Parity reports

Dec 29, 2010 11:01

Parity, a UK organisation campaigning for social equality, reports the following on its website

http://www.parity-uk.org/

* Men account for between one third and one half of all victims in intimate relationships, the proportion rising with the severity of the abuse suffered by them.
* Police records of domestic violence incidents show much lower proportions of male victims than this. Partly because of ‘macho’ attitudes and anticipated unsympathetic police responses, male victims tend to under-report even more than female victims, particularly younger men who experience only minor assault.
* There are over 400 publicly funded refuges for abused women and their children, but none specifically for abused men and their children, although five of the women’s refuges do allocate about 11 places for men and their children on an ad hoc basis. Generally, however, women’s refuges prohibit any men or older male children from the premises.

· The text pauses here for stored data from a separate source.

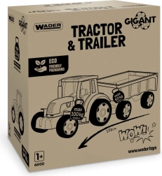 Vores store traktor fra Gigant-serien er udstyret med en anhænger med åbenbar bagklap. Disse køretøjer er ideelle legetøj til børn, uanset om det handler om at bygge, laste eller flytte materialer. Den bevægelige skovl på traktoren fungerer som bulldozer eller læssemaskine, hvilket øger legeglæden. Fordelene ved denne traktor er høj kvalitet, holdbarhed og stærk konstruktion - traktoren bærer op til 100 kg og anhængeren 60 kg.
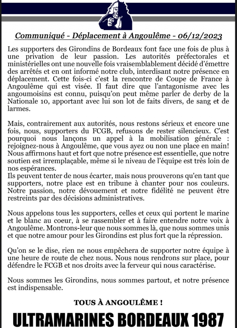 Il faut dire qu’après le décès d’un supporter nantais samedi dernier en marge de la réception de Nice, il devrait continuer de pleuvoir des interdictions de déplacement pour les supporters français, après les déclarations de la ministre des Sports Amélie Oudéa-Castéra et du président de la LFP Vincent Labrune allant dans ce sens. En contestation, les Ultramarines répliquent : « Qu’on se le dise, rien ne nous empêchera de supporter notre équipe à une heure de route de chez nous. Nous nous rendrons sur place pour défendre le FCGB et nos droits avec la ferveur qui nous caractérise. » Ils invitent également les autres supporters bordelais à les imiter.
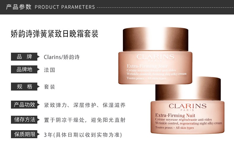 CLARINS 娇韵诗 焕颜紧致弹力日晚霜套装 日霜50ml+晚霜50ml 法国

* Abused fathers wishing to leave the family home with their children face a possible charge of abducting the children as well as nowhere to go with them except bed and breakfasts. Many therefore continue to ‘live’ with the violence in order to protect their children.

* There are only three small charities, funded mainly by donations, helping male victims: in contrast, the national charities helping women victims receive substantial public funding.

* Local authorities at present receive about £60 million each year in government funding to specifically support female domestic violence victims, but nothing to support male victims. Indeed, authorities are measured by government on the support they specifically give female victims (by performance indicator BV 225). The result is that local authorities are discouraged from providing any support to specifically help male victims and their children in their areas since they receive no specific government funding for this.

* The government response to this inequality is that local authorities must show a ‘need’ by male victims for such support funding. Based on the numbers of actual male victims, including fathers, revealed by government studies, the need for some funded support is surely obvious.
* Government funding for male victims at present appears to extend only to one national helpline.
* The persisting lack of government funding for male victims in the light of its own research evidence, in defiance of the new Gender Equality Duty, appears to be unduly influenced by cost and by sexual politics at high level.